[Task instructions]
Restate word for word the entries below, starting at the line with "PhotoDiva позволит избавиться" and ending at the line with "近日,中共荥阳市委公布了《关". Keep both end lines and omit the pictures.

[Material provided]
####

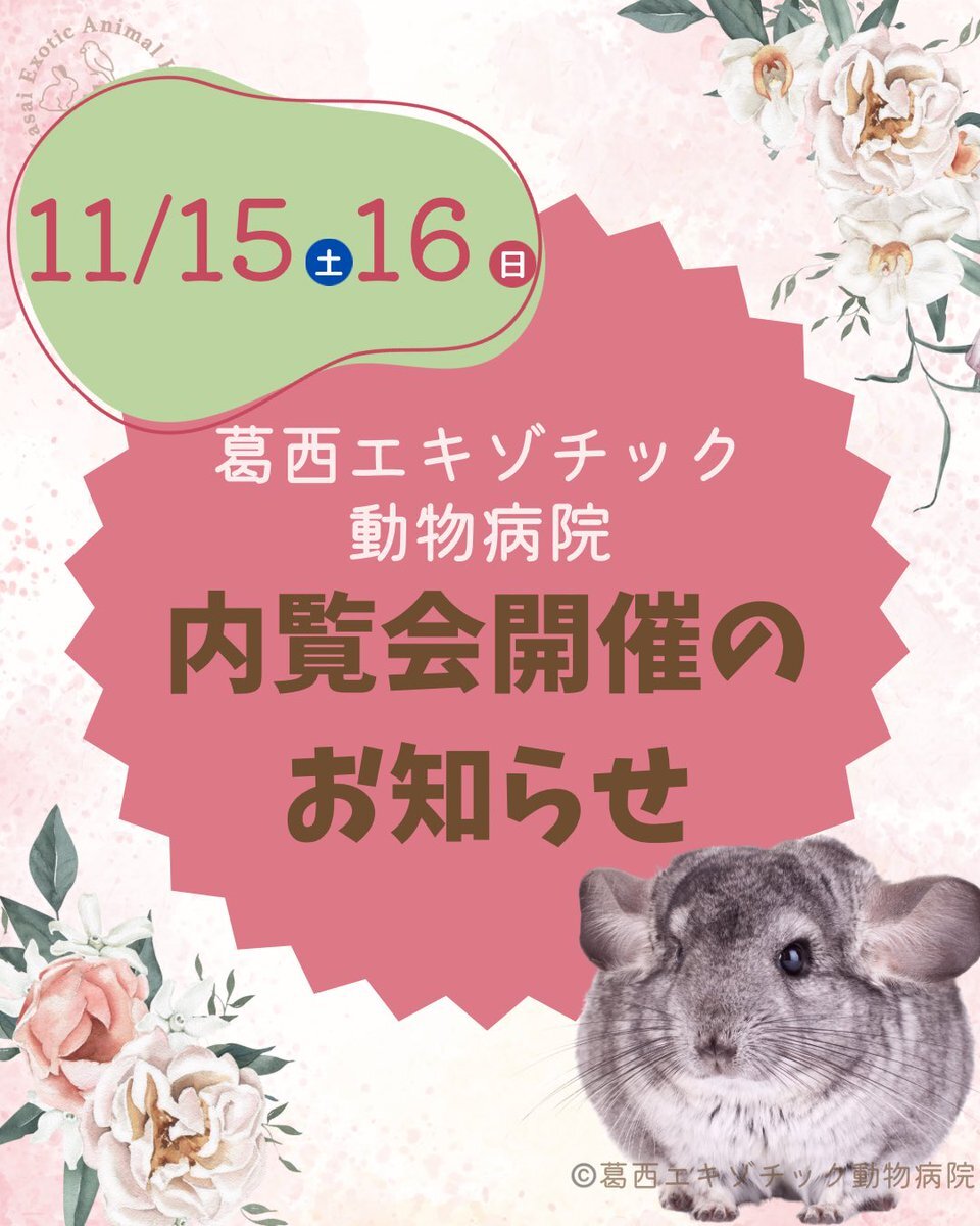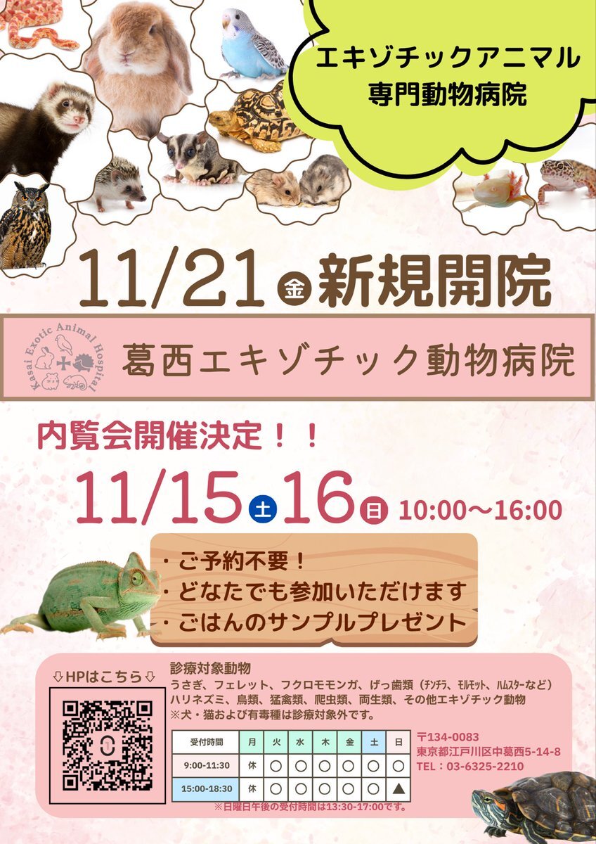 内覧会は11月15日(土)16日(日)です🙋♀️ ご予約など不要です! 見ていただけない手術室や入院室なども、ご覧いただけます。 ぜひお気軽にいらっしゃってください☺️ #動物病院 #新規開院 #エキゾチックアニマル #内覧会 x.com/kasai_exotic_a…
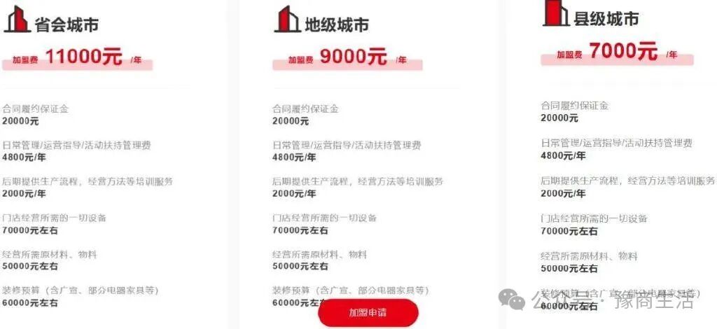 张氏兄弟给产品的定位,就是“高质平价”。 《21CBR》记者查询发现,近期推出的多款新品,价格均在7元以上,如山楂莓莓7元,厚芋泥奶茶9元。年底时,其在多城市涨价1元,一度被推上热搜。 万店版图的扩张,两兄弟主要依仗加盟商,旗下超99%是加盟店。 据蜜雪招商人员介绍,加盟费有三档,省会城市、地级和县级城市,分别为11000元/年、9000元/年和7000元/年;不计转让费和租金,前期投入需21万元以上。
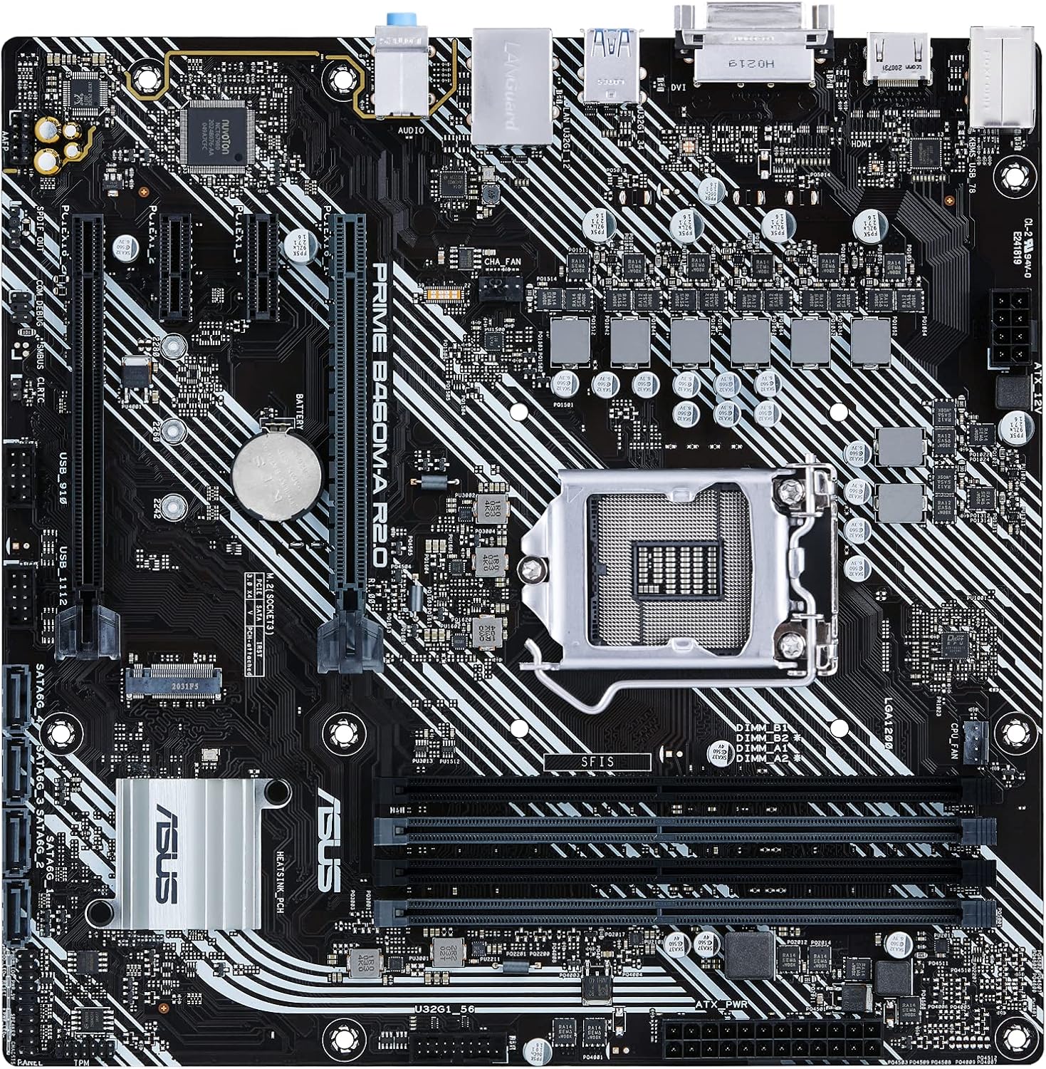 ASUS Prime B460M-A R2.0 Intel® H470 (LGA 1200) for Intel 11th gen & 10th Gen CPUs, 8 power stages, Intel® 1 Gb Ethernet, HDMI, DVI, M.2 slot, 4*SATA 6Gb/s, front USB 3.2 Gen 1, mATX motherboard
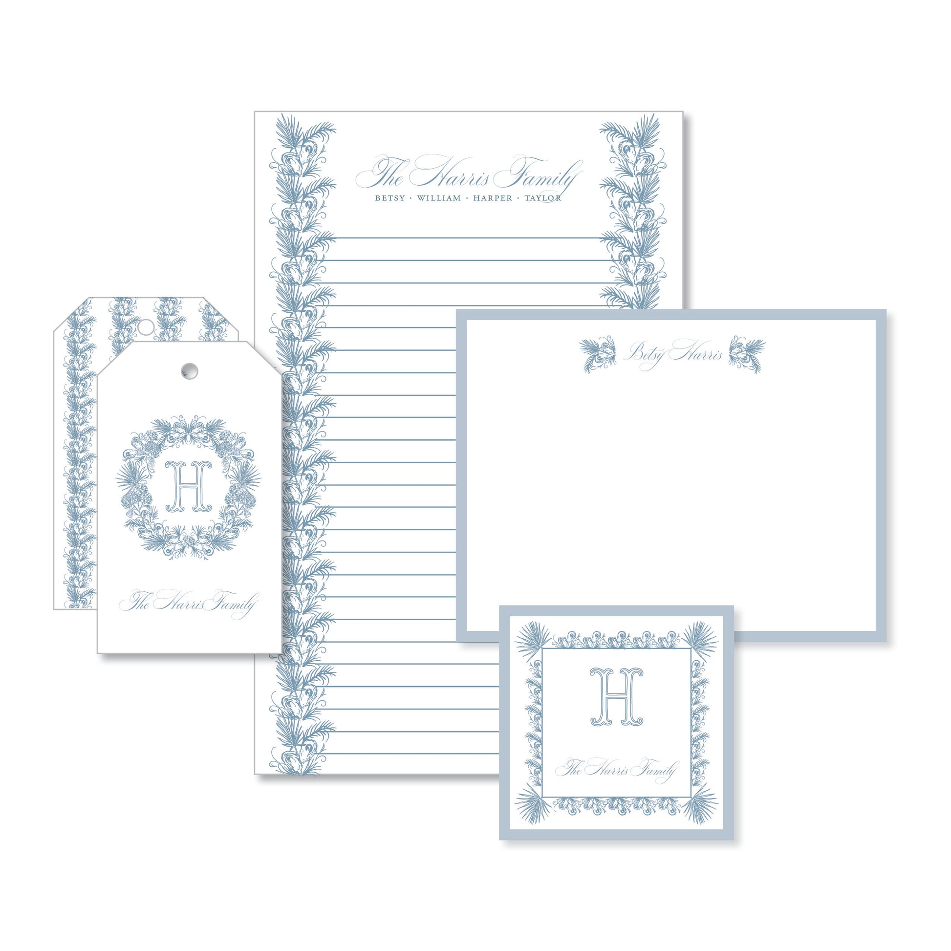 Medium set includes: 15 notecards (5.5x4.25") with envelopes, 16 gift tags (2.375x4”), 1 notepad (5.5x8.5” with 50 sheets), and 15 stickers (3” square)
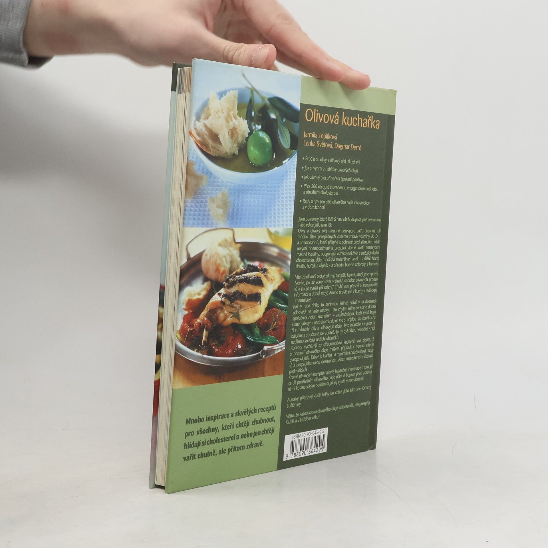 Olivová kuchařka seznamuje čtenáře s potravinami, které mají pozitivní vliv na naše zdraví. Olivy a olivový olej obsahují mnoho látek prospěšných našemu zdraví: vitaminy A, D, K a antioxidant E, který přispívá k ochraně před stárnutím, nádorovými onemocněními a prospívá stavbě kostí, nenasycené mastné kyseliny, podporující vstřebávání živin a snižující hladinu cholesterolu. Všichni víme, že olivy a olivový olej je zdravý, málokdo ale ví, jak jejich potenciálu co nejlépe využít. Olivy a olivové oleje nabízí nepřeberné možnosti využití nejen v kuchyni, ale i v kosmetice. V knize Olivová kuchařka najdete mnoho receptů, praktických informací, a především rady a tipy. Autorky Jarmila Teplíková, Lenka Světová, Dagmar Derré vám poradí jak si vybrat olivový olej, jak s ním vařit, smažit, péct. Recepty vycházejí ze středomořské kuchyně, ale zjistíte, že s pomocí olivového oleje můžete připravit i typická středoevropská jídla. Důraz je kladen na maximální použitelnost receptů a dostupnost ingrediencí v českých podmínkách. Recepty mají spočítánu energetickou hodnotu a obsah cholesterolu. Zajímavá je také kapitola o tom, jak s pomocí olivového oleje účinně bojovat proti zdravotním potížím a jak jej využít v kosmetice a domácnosti. Jak používat olivový olej, výrobky z oliv nejen v kuchyni, ale i v kosmetice, a především rady a tipy, jak potencionálu oliv co nejefektivněji využít. ... celý text
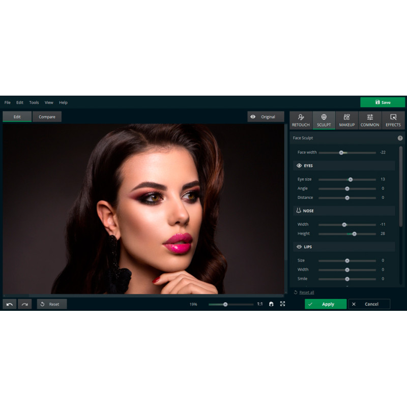 PhotoDiva позволит избавиться от морщин, бликов и покраснений. Программа выровняет тон кожи, придаст загар и подчеркнет скулы. За несколько кликов вы сможете устранить эффект красных глаз и темные круги, изменить цвет радужки и сделать взгляд на снимке более выразительным. Дополнительно можно поработать над ухмылкой. Делайте губы тоньше или объемнее, меняйте их цвет на любой другой и отбеливайте зубы. Создайте идеальный портрет просто!
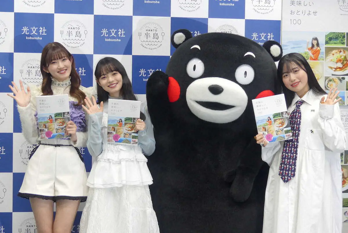「半島の美味しいおとりよせ100」の刊行記念発表会を行ったくまモンとアンジェルム(左から)川村文乃、上國料萌衣、伊勢鈴蘭
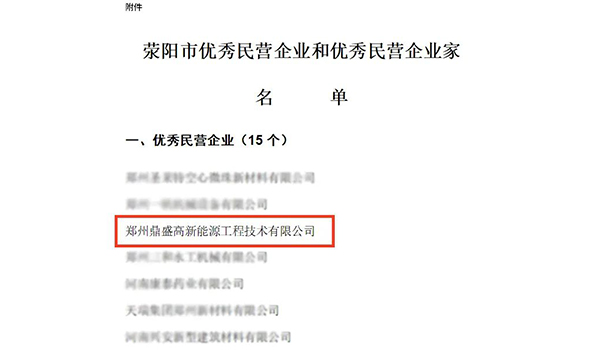 近日,中共荥阳市委公布了《关于荥阳市优秀民营企业和优秀民营企业家》的名单。郑州888集团welcome大厅高新能源工程技术有限公司(以下简称“郑州888集团welcome大厅”)荣获“荥阳市优秀民营企业”荣誉称号。
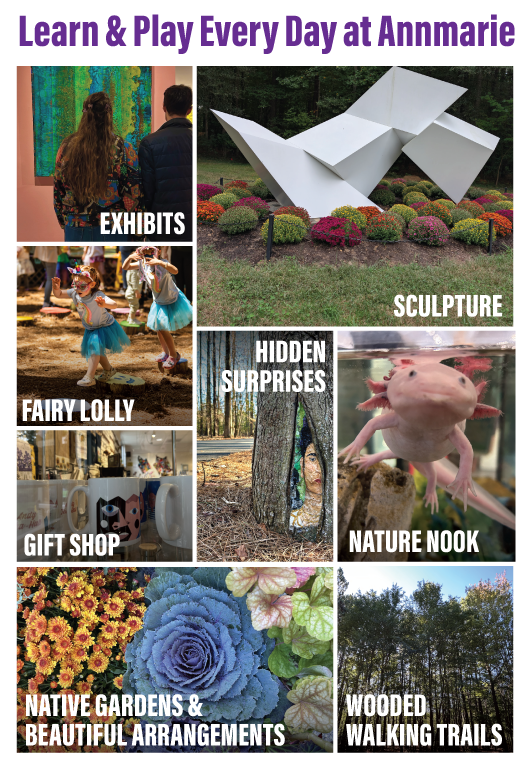 Annmarie Sculpture Garden & Arts Center has something for everyone! Enjoy 30-acres of world-class sculptures, native gardens, Fairy Lolly playground, and Tree-Mendous Trail, or explore the Arts Building, featuring two galleries with rotating exhibits, artful shopping, and our delightfully informative Nature Nook. Hours vary depending on day and season, so click here to plan your visit. We look forward to seeing you!
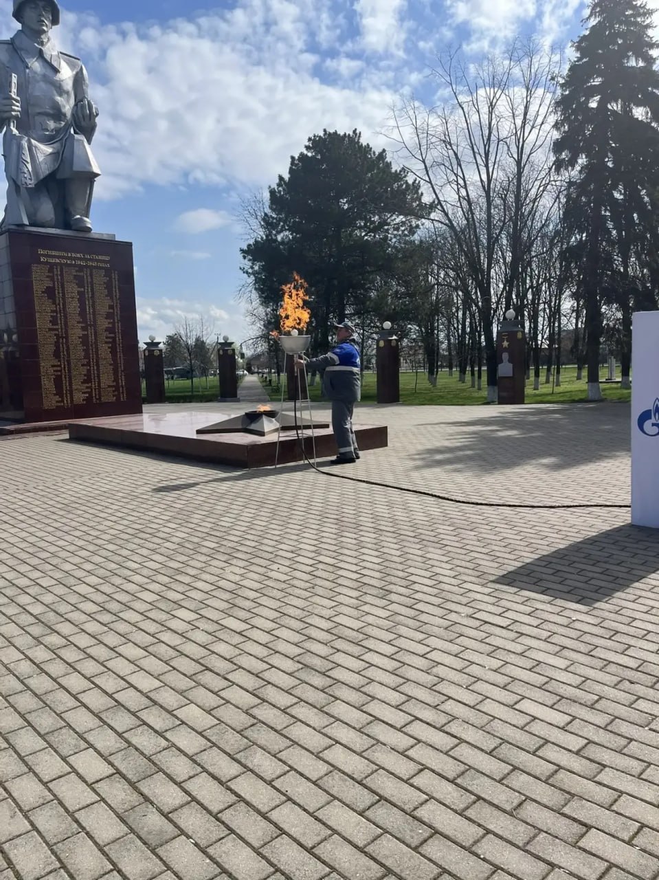 Накануне праздничных мероприятий, посвященных Дню Победы в Великой Отечественной войне, специалисты «Газпром газораспределение Краснодар» проводят работы по техническому обслуживанию мемориальных комплексов с Вечными огнями, работающих на сетевом природном газе.
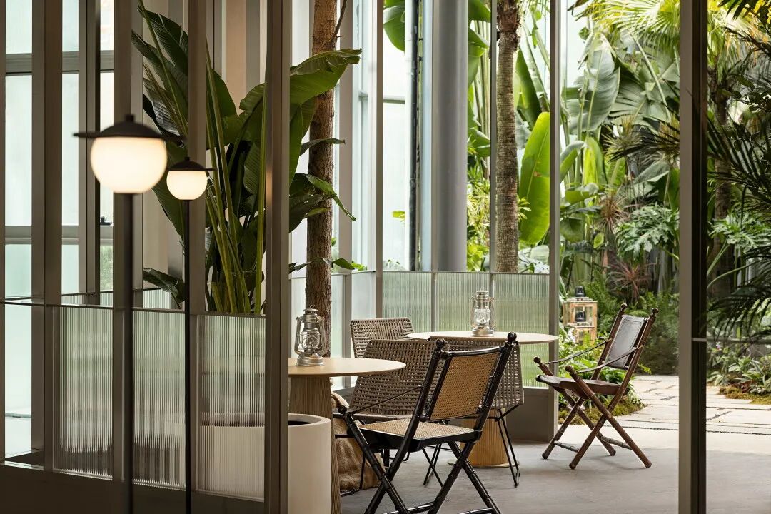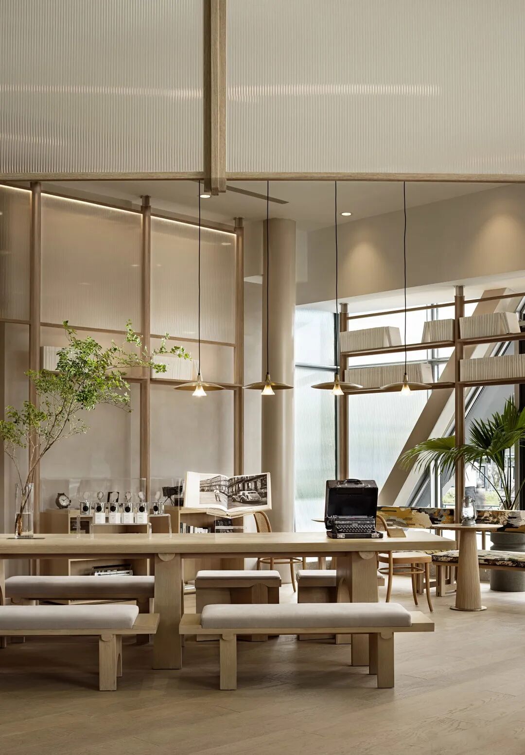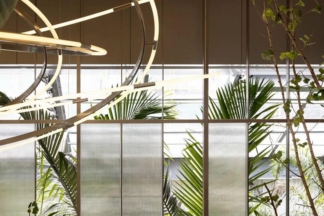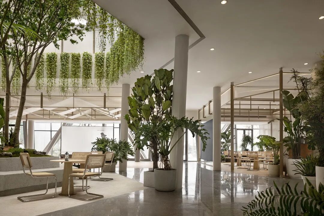 苍翠的树与叶,撑满空间的所及之处,却未对空间的流动形成任何的影响,反而赋予一种愈加自由而开阔的轻盈感。

####

[Answer for this exercise]
 PhotoDiva позволит избавиться от морщин, бликов и покраснений. Программа выровняет тон кожи, придаст загар и подчеркнет скулы. За несколько кликов вы сможете устранить эффект красных глаз и темные круги, изменить цвет радужки и сделать взгляд на снимке более выразительным. Дополнительно можно поработать над ухмылкой. Делайте губы тоньше или объемнее, меняйте их цвет на любой другой и отбеливайте зубы. Создайте идеальный портрет просто!
「半島の美味しいおとりよせ100」の刊行記念発表会を行ったくまモンとアンジェルム(左から)川村文乃、上國料萌衣、伊勢鈴蘭
 近日,中共荥阳市委公布了《关于荥阳市优秀民营企业和优秀民营企业家》的名单。郑州888集团welcome大厅高新能源工程技术有限公司(以下简称“郑州888集团welcome大厅”)荣获“荥阳市优秀民营企业”荣誉称号。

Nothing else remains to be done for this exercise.